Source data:
• • • • •
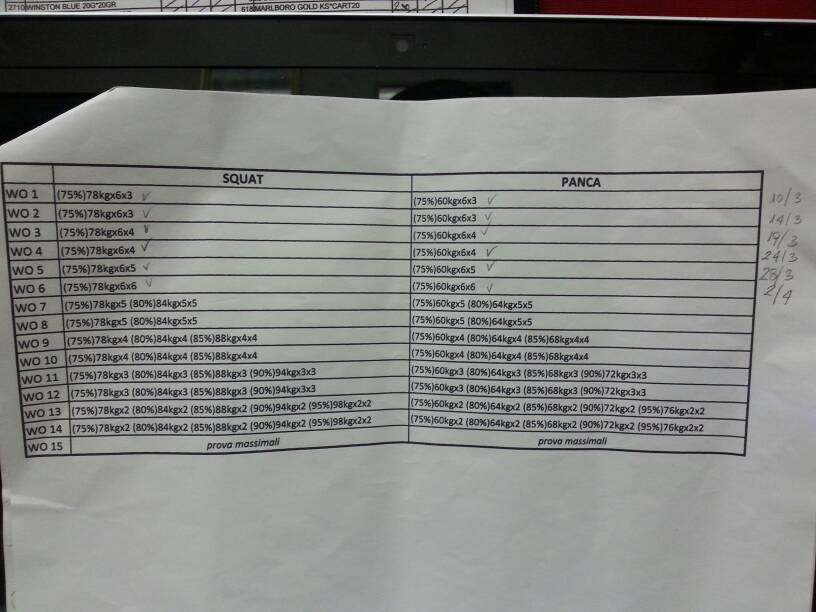 In attesa dell'imminente arrivo del libro di Ado Gruzza (siiiiiiiiiiiiiii!!!) ieri prove sui massimali, mai fatte prima almeno così seriamente e sull'1RM! forza Ale!!!
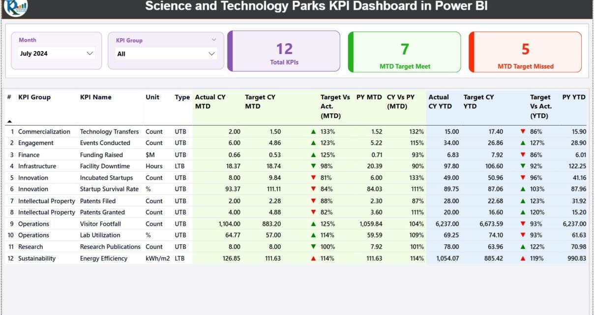 Science and Technology Parks KPI Dashboard in Power BI
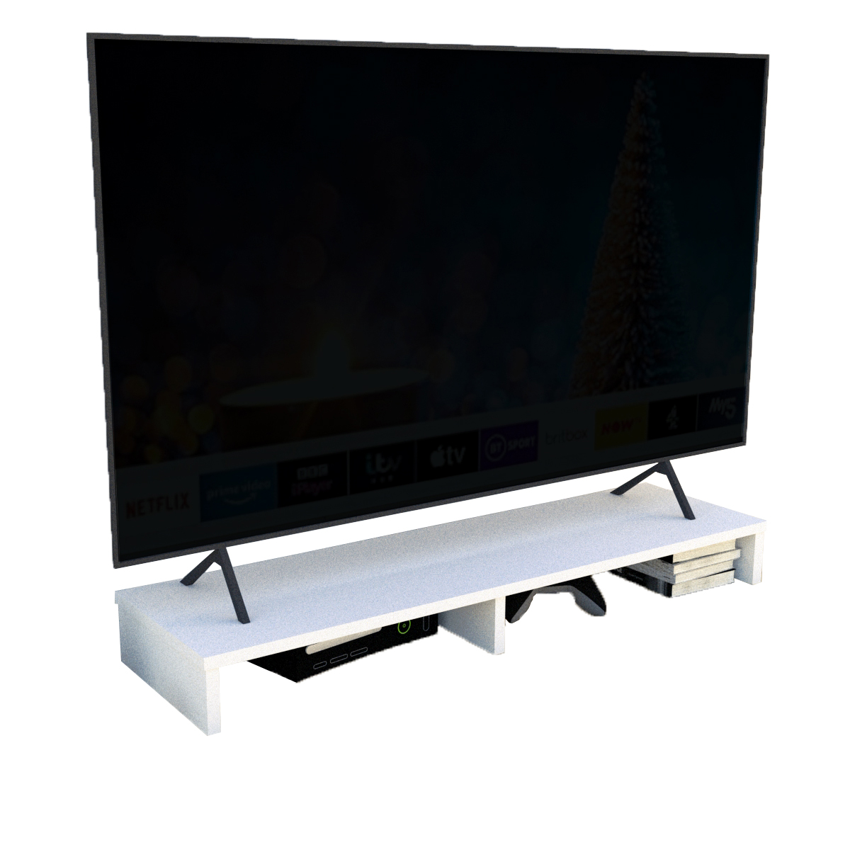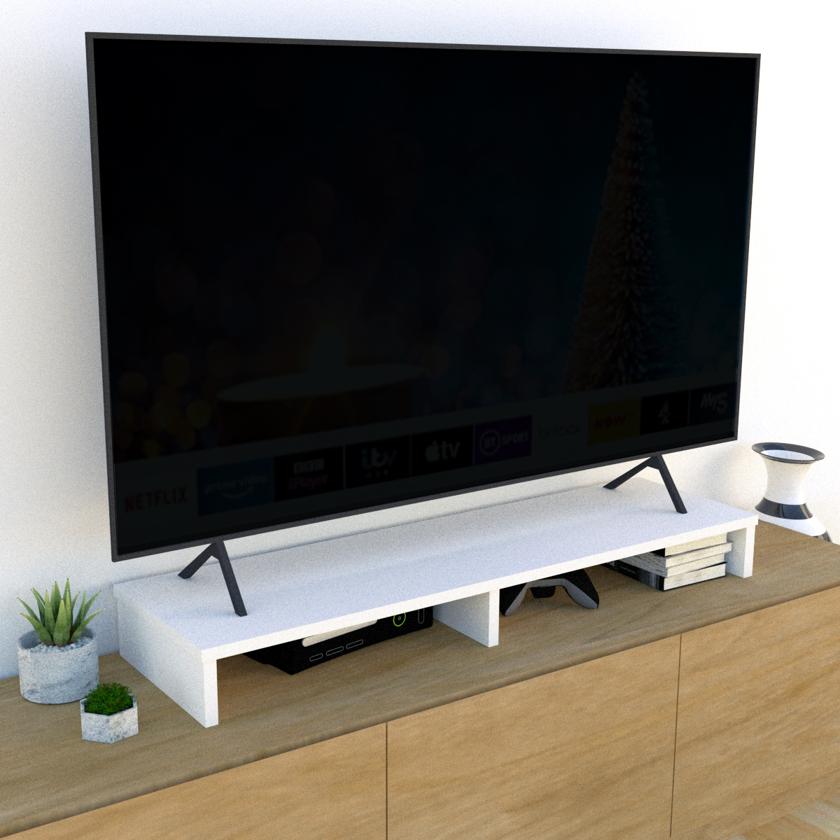 Henor Support TV en Bois élévateur d'écran TV 115 x 35 x 12 cm. Meuble TV supporte 90 kg. Blanc Mat.
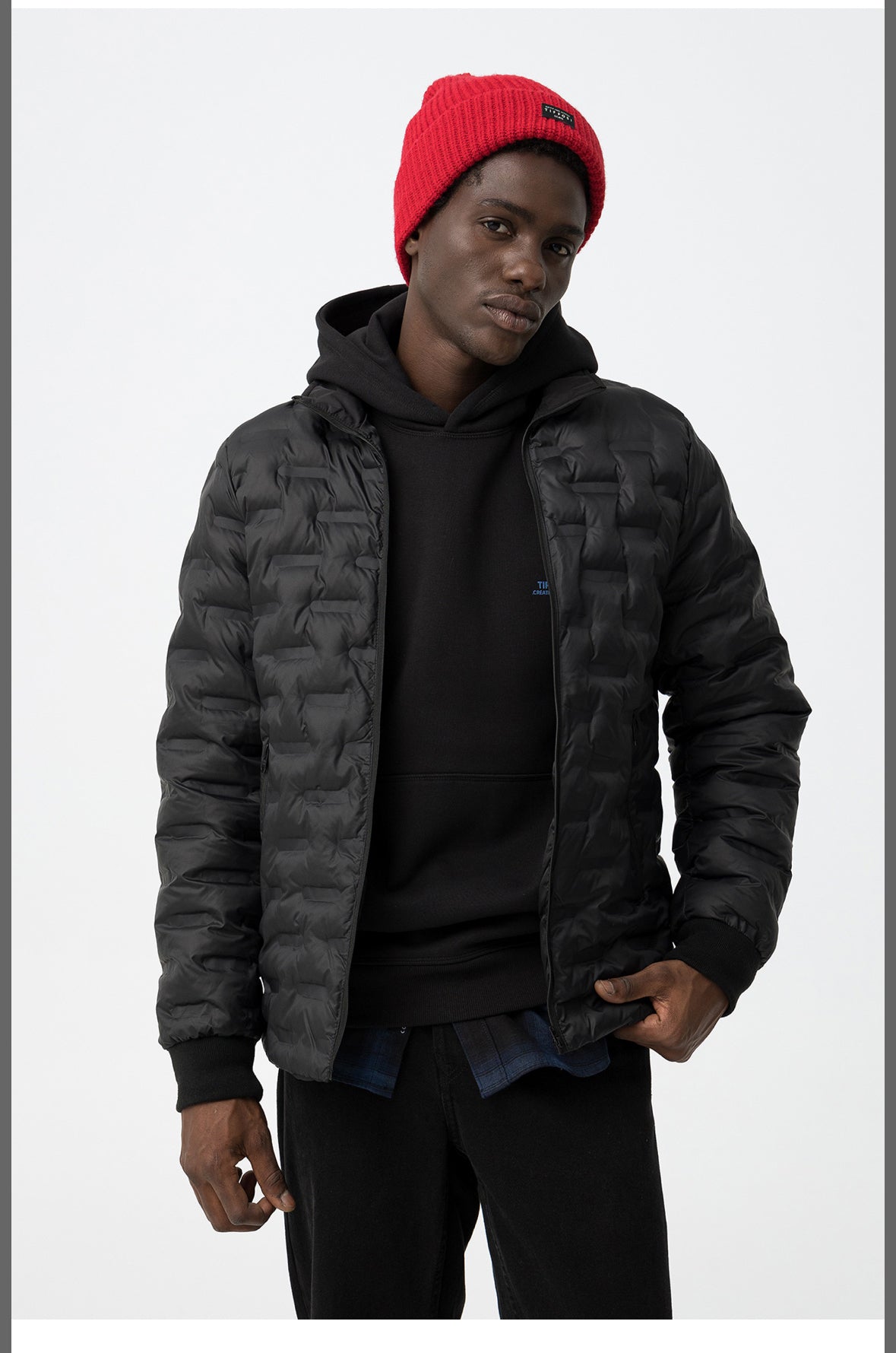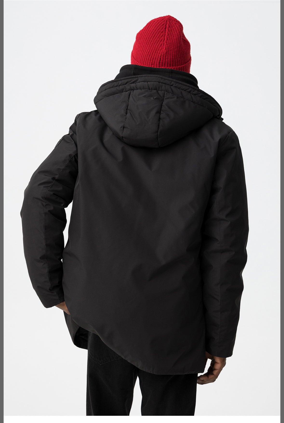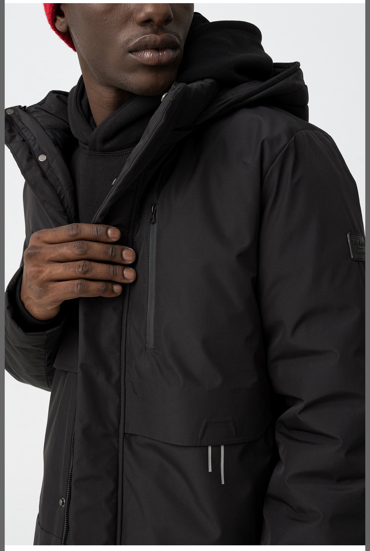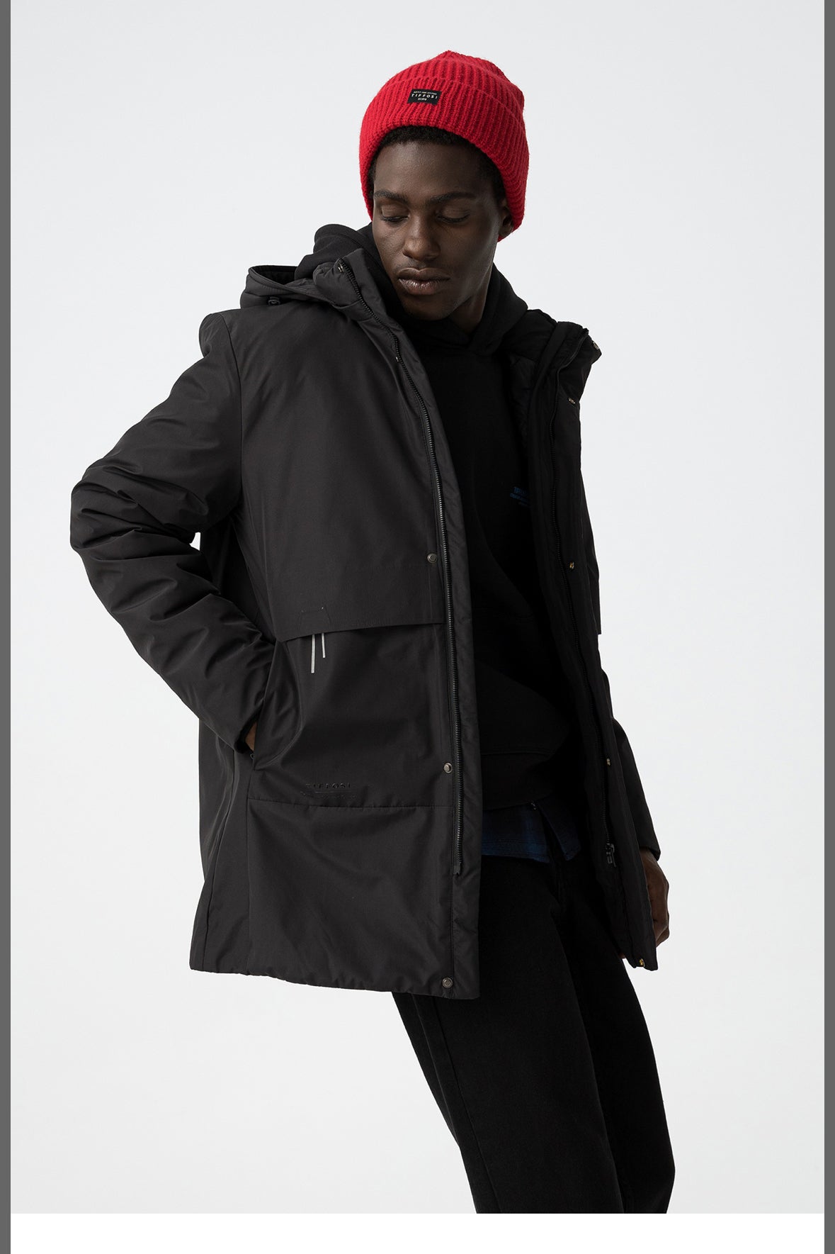 Cappotto nero dalla vestibilità regolare con cappuccio, tasche frontali e chiusura con zip per un look elegante.
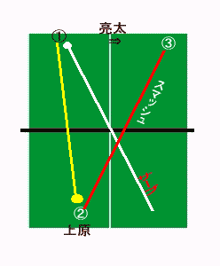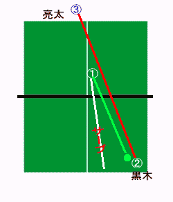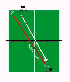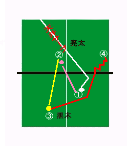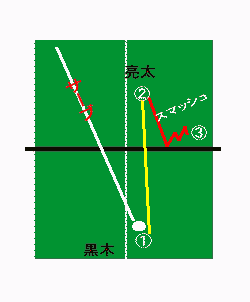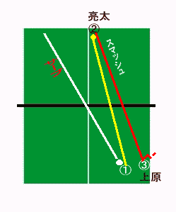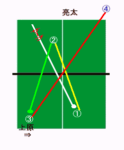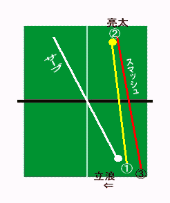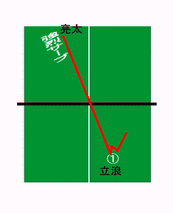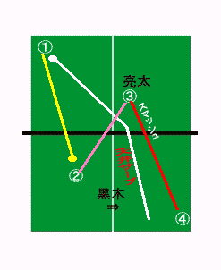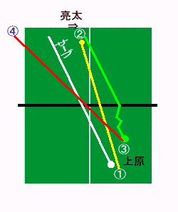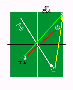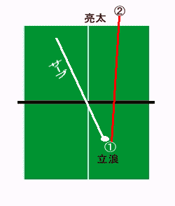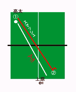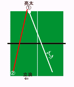| 亮太の逆をついて軽〜くスマッシュで、立浪のポイント。 | 亮太にしてはめずらしく、軽くライン際いっぱいに決める。 | 立浪のリターンがラインを狙い過ぎでアウト、ポイント亮太。 |
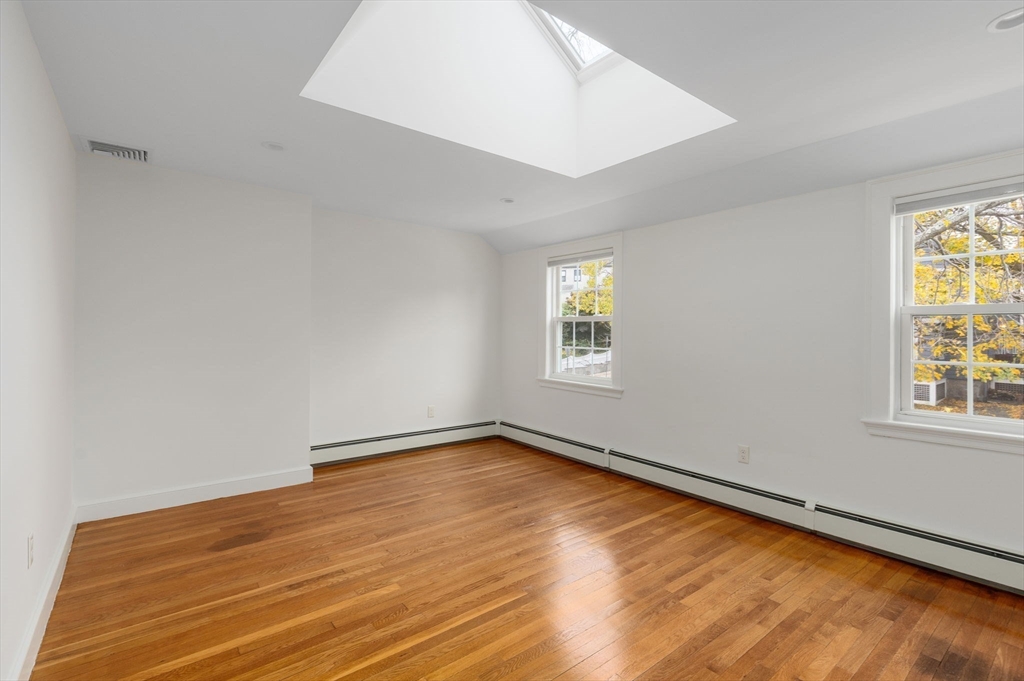 Renovated, move-in ready, 3-level JP townhome w/ private entrance & parking. Ideal open layout w/ stylish kitchen + dining area w/ direct access to your spacious deck. This beautifully designed, sun filled home has many recent improvements since the major 2020 renovation. Enjoy 3-zone mini-split ductless air-conditioning (2021). The lower level was fully finished (2022) to create a perfect work-from-home space, media/playroom, or guest suite w/ direct access to your parking space. Both bedrooms upstairs are generously sized & have skylights w/ integrated blinds. Newly painted (2025), upgraded 200 amp electric, 2020 new plumbing & tankless hot water heater. You'll love living in the Historic "Bourne" neighborhood in JP, coveted for it's charming architecture & mature trees. Conveniently located near Forest Hills T station w/ Orange line, busses, & Commuter Rail, plus Bluebikes at your corner. Easy access to the incredible Harvard Arboretum, Longwood Medical, Faulkner Hospital, & more!
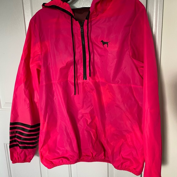 Pink rain material jacket - never worn but slightly discolored from sitting in room with windows
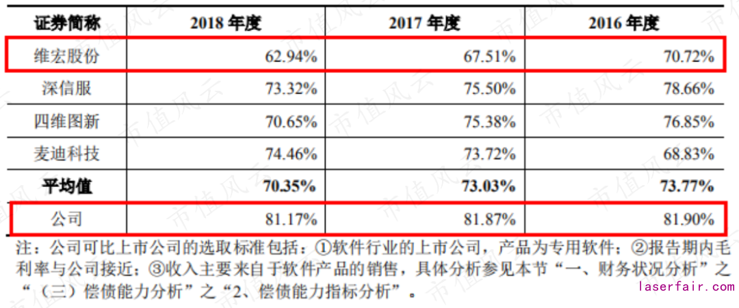2016年至2018年,公司綜合毛利率分別為(wei) 81.9%、81.87%和81.17%,比較穩定。
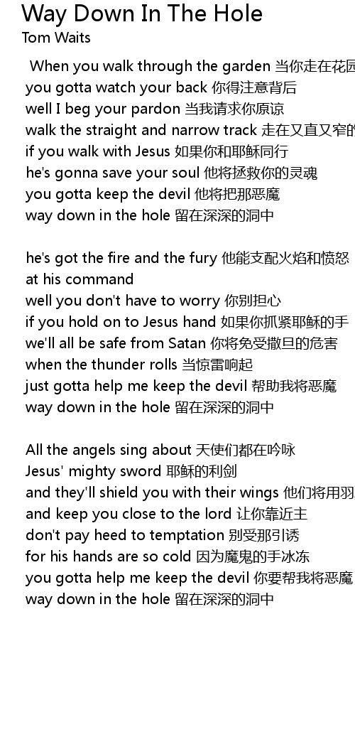 | way down in the hole 留在深深的洞中 |
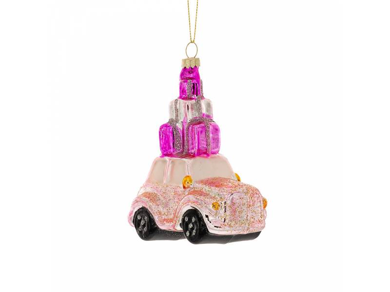 Ροζ γυάλινο κρεμαστό στολίδι αυτοκίνητο με δώρα 9,5x5x11 εκ.
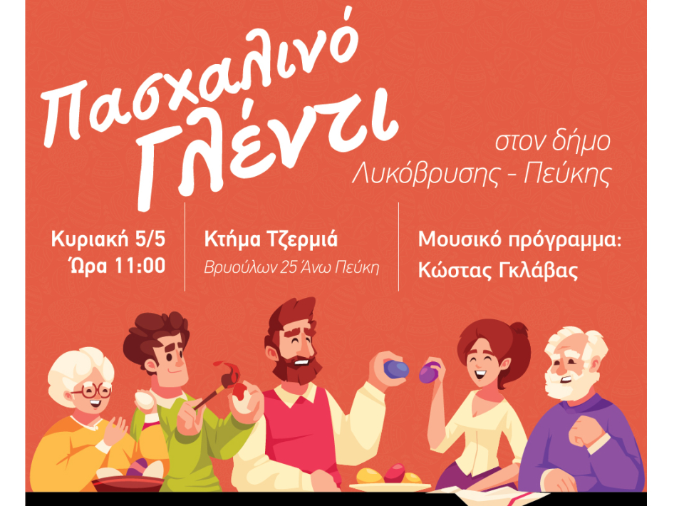 Ο δήμαρχος Λυκόβρυσης – Πεύκης, Μάριος Ψυχάλης, η πρόεδρος της Επιτροπής Πολιτισμού του Δήμου, Μαρίνα Σταυράκη – Πατούλη και το Δημοτικό Συμβούλιο του Δήμου Λυκόβρυσης – Πεύκης προσκαλούν τους πολίτες σε πασχαλινό εορτασμό την Κυριακή του Πάσχα, 5 Μαΐου 2024, στο Κτήμα Τζερμιά (Βρυούλων 25, Άνω Πεύκη), στις 11:00 π.μ.
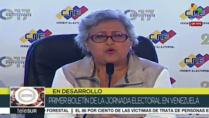 #ENVIVO | #Constituyente: "Esta ha sido una elección extraordinaria" asegura la directora del #CNE de #Venezuelahttp://bit.ly/teleSUR
• • • • •
* _Work required_
Copy out all the records exactly as they read, and omit the pictures.

* _Solution to the problem_
 In attesa dell'imminente arrivo del libro di Ado Gruzza (siiiiiiiiiiiiiii!!!) ieri prove sui massimali, mai fatte prima almeno così seriamente e sull'1RM! forza Ale!!!
 Science and Technology Parks KPI Dashboard in Power BI
 Henor Support TV en Bois élévateur d'écran TV 115 x 35 x 12 cm. Meuble TV supporte 90 kg. Blanc Mat.
 Cappotto nero dalla vestibilità regolare con cappuccio, tasche frontali e chiusura con zip per un look elegante.
| 亮太の逆をついて軽〜くスマッシュで、立浪のポイント。 | 亮太にしてはめずらしく、軽くライン際いっぱいに決める。 | 立浪のリターンがラインを狙い過ぎでアウト、ポイント亮太。 |
 Renovated, move-in ready, 3-level JP townhome w/ private entrance & parking. Ideal open layout w/ stylish kitchen + dining area w/ direct access to your spacious deck. This beautifully designed, sun filled home has many recent improvements since the major 2020 renovation. Enjoy 3-zone mini-split ductless air-conditioning (2021). The lower level was fully finished (2022) to create a perfect work-from-home space, media/playroom, or guest suite w/ direct access to your parking space. Both bedrooms upstairs are generously sized & have skylights w/ integrated blinds. Newly painted (2025), upgraded 200 amp electric, 2020 new plumbing & tankless hot water heater. You'll love living in the Historic "Bourne" neighborhood in JP, coveted for it's charming architecture & mature trees. Conveniently located near Forest Hills T station w/ Orange line, busses, & Commuter Rail, plus Bluebikes at your corner. Easy access to the incredible Harvard Arboretum, Longwood Medical, Faulkner Hospital, & more!
 Pink rain material jacket - never worn but slightly discolored from sitting in room with windows
2016年至2018年,公司綜合毛利率分別為(wei) 81.9%、81.87%和81.17%,比較穩定。
 | way down in the hole 留在深深的洞中 |
 Ροζ γυάλινο κρεμαστό στολίδι αυτοκίνητο με δώρα 9,5x5x11 εκ.
 Ο δήμαρχος Λυκόβρυσης – Πεύκης, Μάριος Ψυχάλης, η πρόεδρος της Επιτροπής Πολιτισμού του Δήμου, Μαρίνα Σταυράκη – Πατούλη και το Δημοτικό Συμβούλιο του Δήμου Λυκόβρυσης – Πεύκης προσκαλούν τους πολίτες σε πασχαλινό εορτασμό την Κυριακή του Πάσχα, 5 Μαΐου 2024, στο Κτήμα Τζερμιά (Βρυούλων 25, Άνω Πεύκη), στις 11:00 π.μ.
 #ENVIVO | #Constituyente: "Esta ha sido una elección extraordinaria" asegura la directora del #CNE de #Venezuelahttp://bit.ly/teleSUR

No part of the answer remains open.